Method After cleaning column names and dates, I engineered three features: Age (2025 − Year_Birth), TotalSpend (sum of category spends), and TotalPurchases (sum of channel purchases). I cleaned Income by removing currency symbols and commas, then converted to numeric (24 missing). I summarized missingness, computed descriptive statistics, created histograms/boxplots/bar charts, and calculated correlations (numeric) and grouped response rates (Education, Marital Status, Country).
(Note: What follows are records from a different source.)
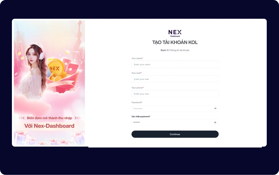 Điền thông tin cơ bản và xác thực để bắt đầu hành trình cùng nền tảng.
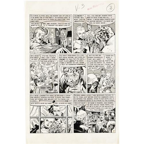 <B>Johnny Craig - Vault of Horror #40, page 3 Original Art (EC, 1954).</B></I> EC fan-addict art collectors are sure to be awed by this crisply inked page from the heart of Johnny Craig's peak period at EC - it's a simply sensational piece by one of EC's best editor/writer/artist triple-threat talents. From the spine-tingler "Old Man Mose," this page has an image area of 8.75" x 12". The dialogue balloons and captions are pasted-on stats; otherwise, the art is in Excellent condition. <BR><BR><B>Important notice:</B> Heritage usually auctions material at the rate of 200-250 lots per hour. On some occasions eBay Live bid software or the Internet may not be able to keep up with the pace of the auction. We recommend placing a realistic absentee bid now as insurance to avoid disappointment. Occasionally the auctioneer may eliminate or reject an eBay Live bid, and the auctioneer may also reopen a lot after the close of the eBay live bidding (usually because we missed an audience bid), and may reject your bid even if it shows you as the winning bidder. By bidding via eBay Live, you agree that Heritage may award the lot to another bidder at its sole discretion under the circumstances described above or any other reasonable circumstances. Since eBay bids are not shown to us until we open the lot on the floor, we treat those bids just like floor bids. In most cases the floor responds before the eBay bid is presented to us, due to Internet lag time, so for consistency we have made it a policy that floor bids are always considered first over tie eBay live bids. Also please note that all Heritage lots purchased through eBay Live carry a 22.5% Buyer's Premium. Please make sure you read the Terms and Conditions before you bid. This lot is being auctioned in conjunction with a live floor auction by Heritage Auction Galleries. All final auction and invoice information will be supplied by Heritage Auction Galleries, and all other information should be considered preliminary. Lot:41001 <BR><BR><B>Winning Notification and Billing:</B> After the FINAL session in this auction is complete, Heritage will send e-mail and snail mail invoices. This process normally takes several days. All final auction and invoice information will be supplied by Heritage Auction Galleries, and all other information should be considered preliminary. <BR><BR>This auction will be conducted on a live auction floor and over the Internet through eBay Live. If you choose to place an absentee bid, please take a moment to <font color='#0000ff'><u><a href='http://pages.ebay.com/liveauctions/help/before/laabsentee.html'>learn how eBay Live absentee bidding works</a></u></font><font color='#000000'>
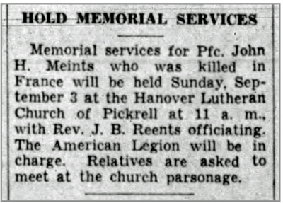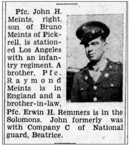Pfc John H Meints was born in Nebraska on June 13, 1913. He was a member of the Nebraska National Guard and served as a Light Machine Gunner in Weapons Platoon, Company C, 134th Infantry Regiment. He was Killed in Action July, 15, 1944 during the battle for St Lo, France. He is buried at Normandy American Cemetery, Colleville-sur-Mer, France.
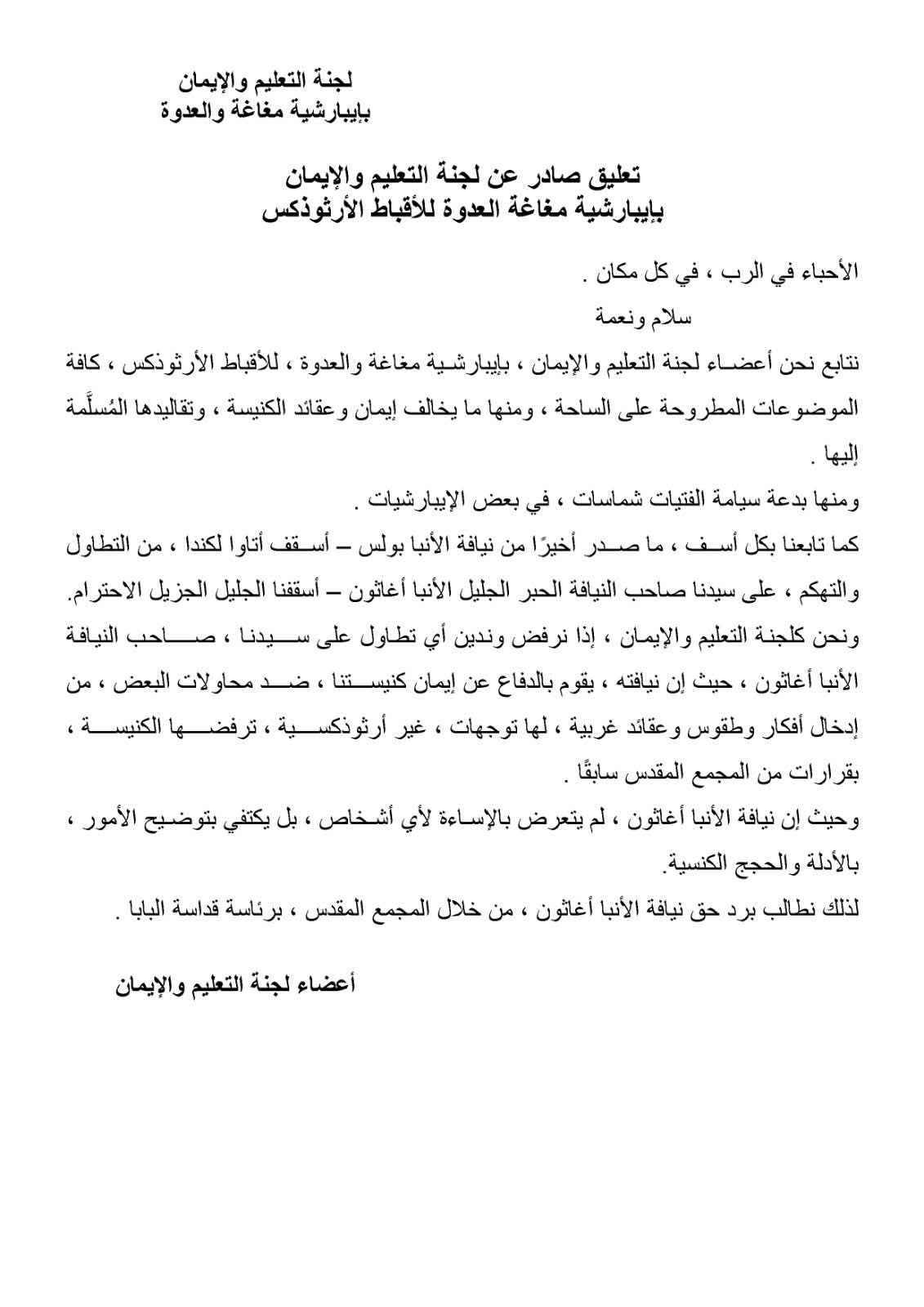 وتابع: "نحن كلجنة التعليم والإيمان، نرفض وندين أي تطاول على الأنبا أغاثون، حيث إن نيافته يقوم بالدفاع عن إيمان كنيستنا، ضد محاولات البعض إدخال أفكار وطقوس وعقائد غربية، لها توجهات غير أرثوذكسية ترفضها الكنيسة بقرارات سابقة من المجمع المقدس".

Results Mean age is ~56.2 (median 55). Income (cleaned) averages ~$52.2k (median ~$51.4k) with notable outliers (max ~$666k). Spending is right-skewed (mean TotalSpend ~$606; median 396). Average category spend is dominated by Wines (≈50%) and Meat (≈28%). The overall response rate is ~14.9%. The strongest positive associations with response are TotalSpend (r≈0.27), Wines (r≈0.25), Meat (r≈0.24), and Catalog Purchases (r≈0.22); Kidhome relates weakly and negatively (r≈−0.08). Higher observed response appears in PhD/Master groups and among Single/Divorced/Widow segments; country differences are present, with Spain and South Africa slightly higher. Some categories (e.g., “YOLO/Absurd”, “ME”) have tiny counts and should be disregarded.
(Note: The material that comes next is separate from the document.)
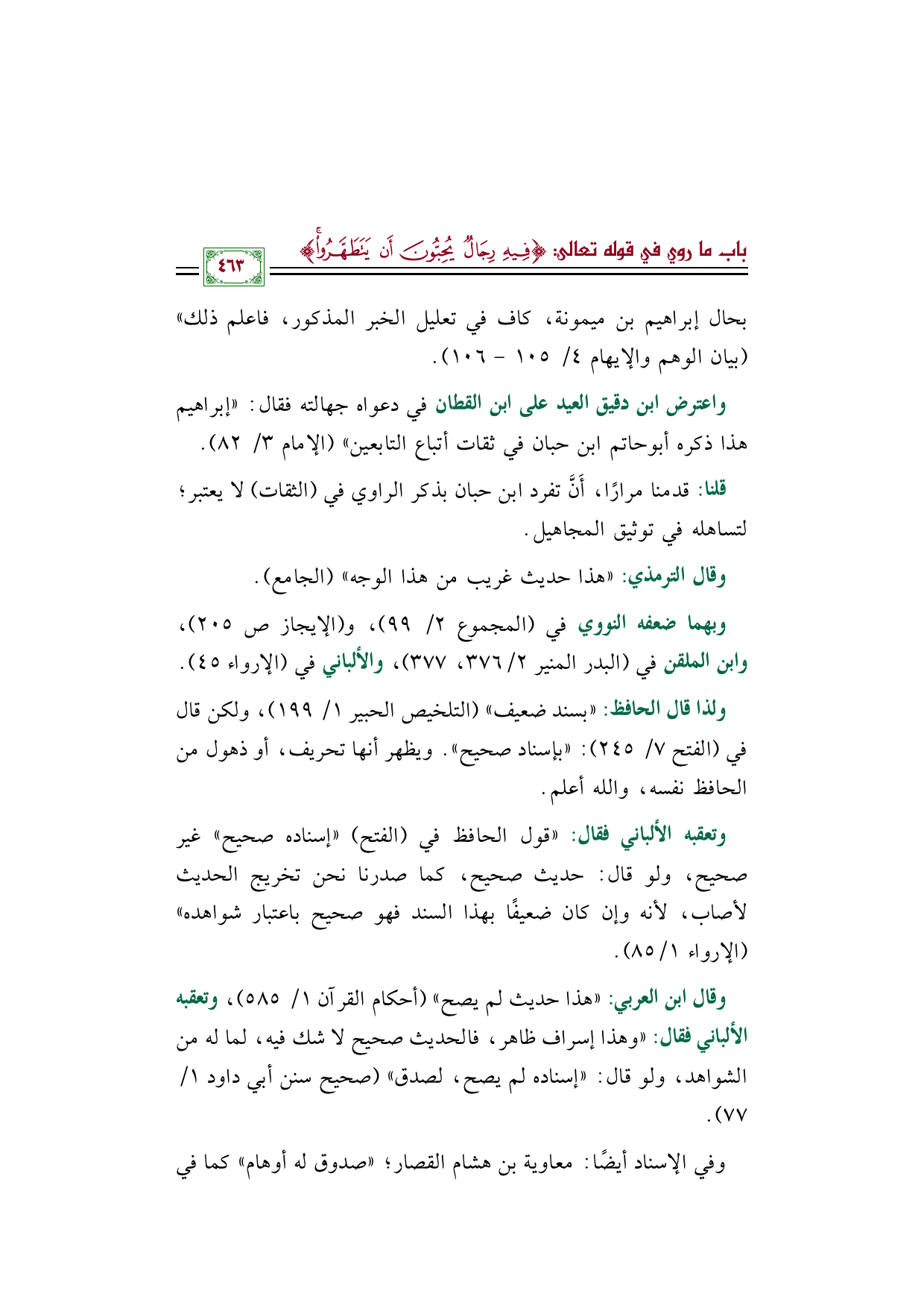 وقال ابن العربي: "هذا حديث لم يصح" (أحكام القرآن ١/ ٥٨٥)، وتعقبه الألباني فقال: "وهذا إسراف ظاهر، فالحديث صحيح لا شك فيه، لما له من الشواهد، ولو قال: "إسناده لم يصح، لصدق" (صحيح سنن أبي داود ١/ ٧٧).

Conclusion Response is most closely linked to value and channel: bigger spenders and catalog shoppers are more likely to respond. Marketing should focus on high Wine/Meat spenders and customers with catalog purchase history, while segment tests by education bands may offer incremental lift. Prior to modeling, I recommend handling income outliers and considering feature scaling or winsorization.